Annemijn Rijk is a choreographer as well as a philosopher. The intersections between these two disciplines are typical of her work, in which she explores the boundaries of genres and where the sensory perception of the audience is central. With her latest production, Yellow Horizon, she hopes to take the audience fully into an experience: "It's about celebrating the intangible."

"They call me a borderline case here in the theater," laughs Annemijn, "Which basically means I make work at the intersection of different genres. I come from the world of dance and I work with the body, but partly because of the philosophical influence, I've also started to look at the audience's body and how to address that." As a result, her latest production, Yellow Horizon, focuses on the audience's perception. For this work, Annemijn, together with scenographer Theun Mosk, explored the principles of spatial, sensory and physical disorientation. The result is not a standard performance, but an experience, a ritual actually, that staggers your senses. In this, the set plays an important role. By playing with light and dark, breath and perspective, for an hour the theater is not the space it seems. "According to phenomology, we perceive the world through the cooperation of our senses. If you can influence or disorient those senses in a way, a different worldview is created. I find that interesting."


"The setting and theme of Yellow Horizon is inspired by freediving; descending into the depths," Annemijn says. "During the performance we also descend, and the audience also descends into their own perception. At the same time, the phenomenon of a solar eclipse has also been a great inspiration for this work. The disorientation you can experience at moments like that, I wanted to capitalize on that." So to achieve this effect, absolute darkness is used at points during the performance. "We are working with a piece of scenery through which the light falls in such a way that you don't actually know if you are really experiencing it, or if it is an imagination." In this case, Annemijn prefers to call the performers who are part of the piece "guides": "They make sure that the audience is guided through the descent. It is important that that transition is gradual." 

Learning to look

In addition to the philosophical approach in her own work, Annemijn also wants to offer her audience a contextual program about looking at art. "I believe art can contribute something to your life. At least it did for me, and I wish that for everyone. Sometimes art can be harder to access. If you don't have the handles to know how to look at it, I think that's a lost opportunity. So I also see it as part of my job to educate people on how to look at art. That's also why I always create a lecture or a context program with my work, to give people a handle with which they can access the multiple layers of a work.
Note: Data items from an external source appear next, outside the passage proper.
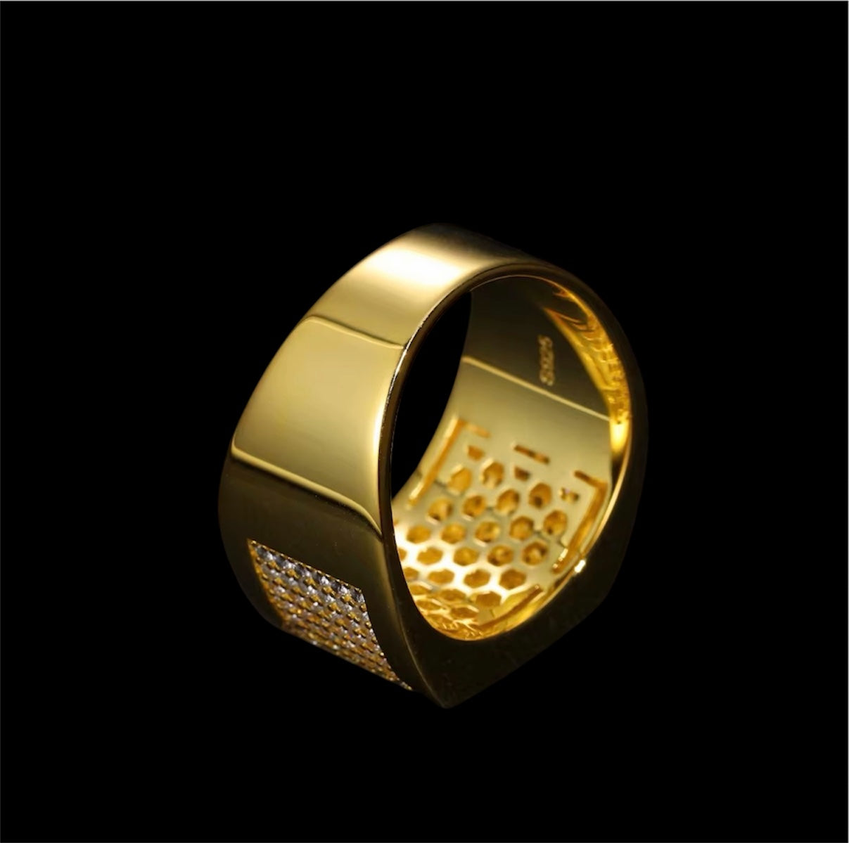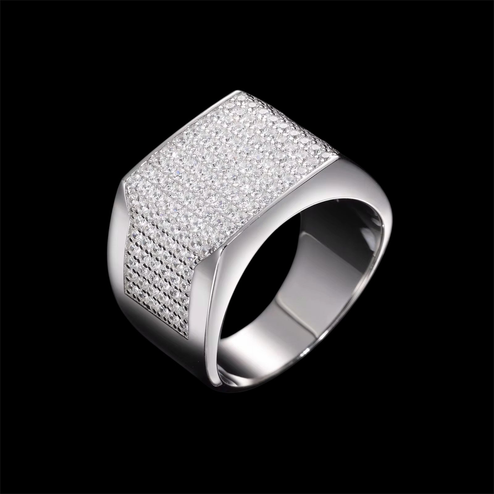Cette bague Half Iced combine un design carré moderne et une moitié sertie de moissanites VVS1 pour un éclat raffiné et audacieux.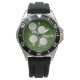 Has heft and feel of expensive stainless steel quartz wrist watches. Solid construction and good looks. Although it had a really top quality rubber strap, I substituted a stainless steel "Shark" style mesh strap, which I think is the most comfortable strap available. Perfect. True colors of original image. Clear, crisp image precisely aligned and spaced.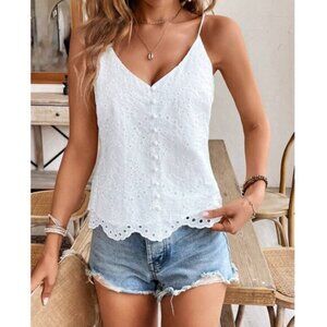 Embroidered Eyelet Frenchy Button Down Tank Top

Yellow Horizon will be playing in theaters all over the Netherlands in the near future, but Annemijn is connected to Tilburg: "I choose Tilburg with conviction. I feel the room to develop myself here, and here I also got a lot of opportunities from Makershuis Tilburg and now as a house maker at Theater de Nieuwe Vorst. I sometimes notice that people from outside the city don't understand why I'm in Tilburg, but it's not so busy here that I experience a lot of competition as a maker. Here I feel more outstretched hands from others to collaborate."